Miguel Ángel Rincón Narvaez (born 31 March 1994) is a Colombian Paralympic swimmer who competes in international swimming competitions. He is a six-time Parapan American Games medalist winning four silvers and two bronzes and a World bronze medalist.

Firearm accident
When Rincón was nine, he was playing his PlayStation in his house and was looking through a drawer of his collection of the console's cassettes.
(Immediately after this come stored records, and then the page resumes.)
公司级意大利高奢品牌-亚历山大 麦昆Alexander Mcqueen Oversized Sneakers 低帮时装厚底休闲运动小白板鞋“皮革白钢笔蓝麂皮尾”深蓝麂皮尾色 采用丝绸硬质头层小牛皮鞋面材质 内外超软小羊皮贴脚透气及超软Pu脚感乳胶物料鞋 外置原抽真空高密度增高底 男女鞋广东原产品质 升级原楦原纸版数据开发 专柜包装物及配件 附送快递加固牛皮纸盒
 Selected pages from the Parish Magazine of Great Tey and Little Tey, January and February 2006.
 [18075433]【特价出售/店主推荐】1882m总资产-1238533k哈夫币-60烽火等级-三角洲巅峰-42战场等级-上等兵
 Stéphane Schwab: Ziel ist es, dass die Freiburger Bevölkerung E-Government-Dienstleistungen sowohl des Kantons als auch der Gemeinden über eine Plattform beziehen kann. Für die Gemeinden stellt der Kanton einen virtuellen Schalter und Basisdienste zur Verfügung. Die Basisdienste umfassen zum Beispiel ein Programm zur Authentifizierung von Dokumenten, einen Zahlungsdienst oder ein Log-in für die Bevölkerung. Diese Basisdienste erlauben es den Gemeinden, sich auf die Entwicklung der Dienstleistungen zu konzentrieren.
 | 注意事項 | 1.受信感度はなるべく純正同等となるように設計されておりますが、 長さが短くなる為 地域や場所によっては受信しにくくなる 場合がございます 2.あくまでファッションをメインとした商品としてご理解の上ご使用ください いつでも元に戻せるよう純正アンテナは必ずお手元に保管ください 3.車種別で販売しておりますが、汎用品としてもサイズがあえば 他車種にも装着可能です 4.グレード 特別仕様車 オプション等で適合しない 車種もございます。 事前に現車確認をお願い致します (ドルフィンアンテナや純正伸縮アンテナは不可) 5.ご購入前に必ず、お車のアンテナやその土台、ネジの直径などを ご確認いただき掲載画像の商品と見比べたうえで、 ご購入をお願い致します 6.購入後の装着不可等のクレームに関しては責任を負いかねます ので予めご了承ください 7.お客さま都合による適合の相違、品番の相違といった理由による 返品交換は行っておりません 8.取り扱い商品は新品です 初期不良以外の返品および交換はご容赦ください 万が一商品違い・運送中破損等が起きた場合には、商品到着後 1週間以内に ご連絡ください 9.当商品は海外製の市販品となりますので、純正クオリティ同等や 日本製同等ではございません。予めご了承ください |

He picked up a game and played the game on his PlayStation until he heard a pile of objects fall onto the floor, Rincón got distracted and looked at the mess on the floor, he got frightened when he saw a firearm in amongst the items. It was the first time that he had seen one and he didn't know where it came from and why it was there. He picked up the gun and it shot him in the chest and the bullet came out of his back.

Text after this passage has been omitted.